* [TASK REQUIREMENTS] Go to the line with "Die FFG fördert" in the material below and copy from there through the line with "Men's pajamas Spring", exactly. Pictures are not copied.

* [RECORD SET]
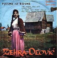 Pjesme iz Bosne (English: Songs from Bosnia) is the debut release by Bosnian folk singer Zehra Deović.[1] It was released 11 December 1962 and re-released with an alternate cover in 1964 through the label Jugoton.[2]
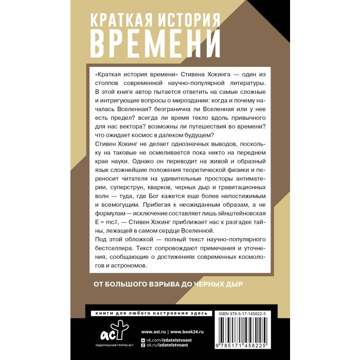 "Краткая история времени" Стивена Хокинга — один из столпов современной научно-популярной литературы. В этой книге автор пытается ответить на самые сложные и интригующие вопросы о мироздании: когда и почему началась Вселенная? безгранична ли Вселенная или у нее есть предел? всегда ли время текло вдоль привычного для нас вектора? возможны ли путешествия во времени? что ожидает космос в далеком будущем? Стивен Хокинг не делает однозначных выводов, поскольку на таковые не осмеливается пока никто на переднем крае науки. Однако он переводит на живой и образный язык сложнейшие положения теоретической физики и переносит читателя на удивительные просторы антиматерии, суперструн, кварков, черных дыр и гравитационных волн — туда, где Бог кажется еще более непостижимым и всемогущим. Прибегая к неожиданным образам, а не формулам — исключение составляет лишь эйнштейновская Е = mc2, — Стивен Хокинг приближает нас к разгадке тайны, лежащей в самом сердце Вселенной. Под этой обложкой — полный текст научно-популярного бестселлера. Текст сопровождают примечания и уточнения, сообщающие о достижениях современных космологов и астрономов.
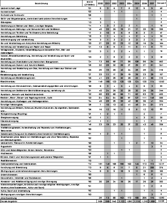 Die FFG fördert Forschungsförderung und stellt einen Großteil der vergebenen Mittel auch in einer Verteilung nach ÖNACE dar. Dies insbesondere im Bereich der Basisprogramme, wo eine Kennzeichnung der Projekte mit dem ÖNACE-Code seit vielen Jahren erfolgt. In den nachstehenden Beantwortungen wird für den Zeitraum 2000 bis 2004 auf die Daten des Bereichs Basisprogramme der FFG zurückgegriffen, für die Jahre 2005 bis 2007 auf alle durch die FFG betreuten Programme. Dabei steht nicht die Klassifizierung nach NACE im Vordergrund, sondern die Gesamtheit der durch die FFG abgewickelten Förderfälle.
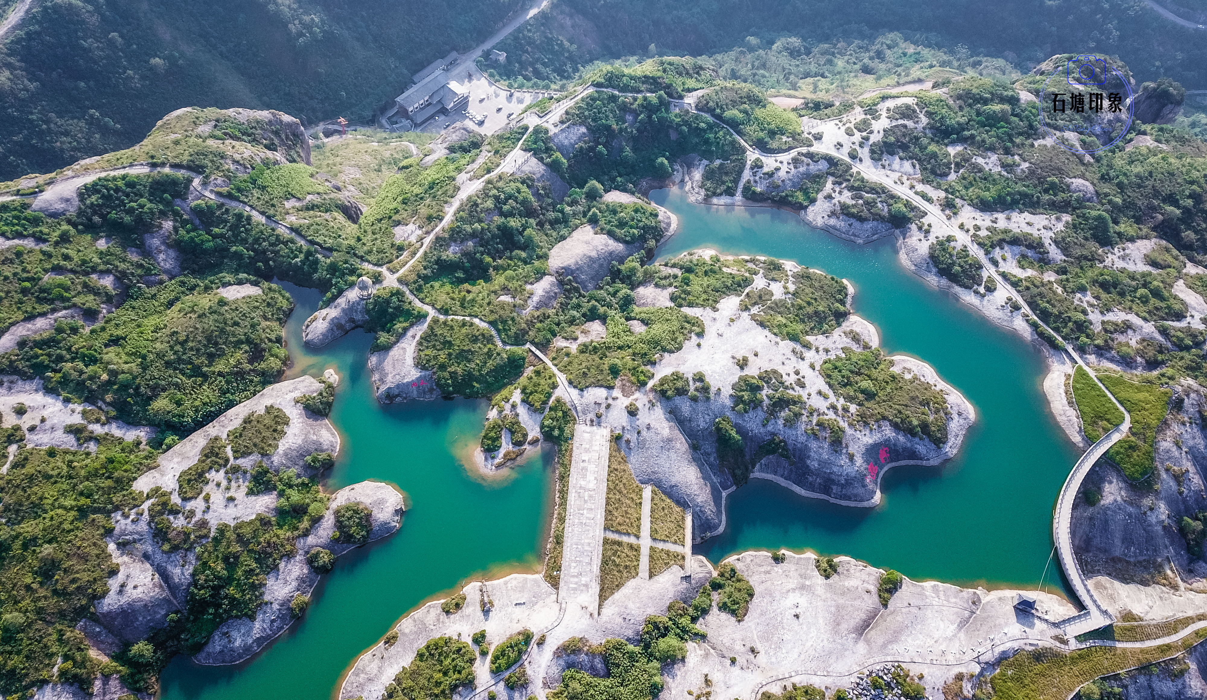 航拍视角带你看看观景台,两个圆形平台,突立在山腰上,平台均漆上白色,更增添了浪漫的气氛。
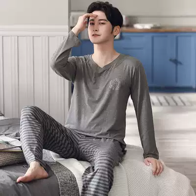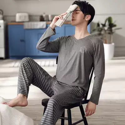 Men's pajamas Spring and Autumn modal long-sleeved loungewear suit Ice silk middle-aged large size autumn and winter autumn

* * *

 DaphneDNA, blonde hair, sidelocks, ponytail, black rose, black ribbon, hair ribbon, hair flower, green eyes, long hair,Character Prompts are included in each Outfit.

* [YOUR SOLUTION]
 Die FFG fördert Forschungsförderung und stellt einen Großteil der vergebenen Mittel auch in einer Verteilung nach ÖNACE dar. Dies insbesondere im Bereich der Basisprogramme, wo eine Kennzeichnung der Projekte mit dem ÖNACE-Code seit vielen Jahren erfolgt. In den nachstehenden Beantwortungen wird für den Zeitraum 2000 bis 2004 auf die Daten des Bereichs Basisprogramme der FFG zurückgegriffen, für die Jahre 2005 bis 2007 auf alle durch die FFG betreuten Programme. Dabei steht nicht die Klassifizierung nach NACE im Vordergrund, sondern die Gesamtheit der durch die FFG abgewickelten Förderfälle.
 航拍视角带你看看观景台,两个圆形平台,突立在山腰上,平台均漆上白色,更增添了浪漫的气氛。
 Men's pajamas Spring and Autumn modal long-sleeved loungewear suit Ice silk middle-aged large size autumn and winter autumn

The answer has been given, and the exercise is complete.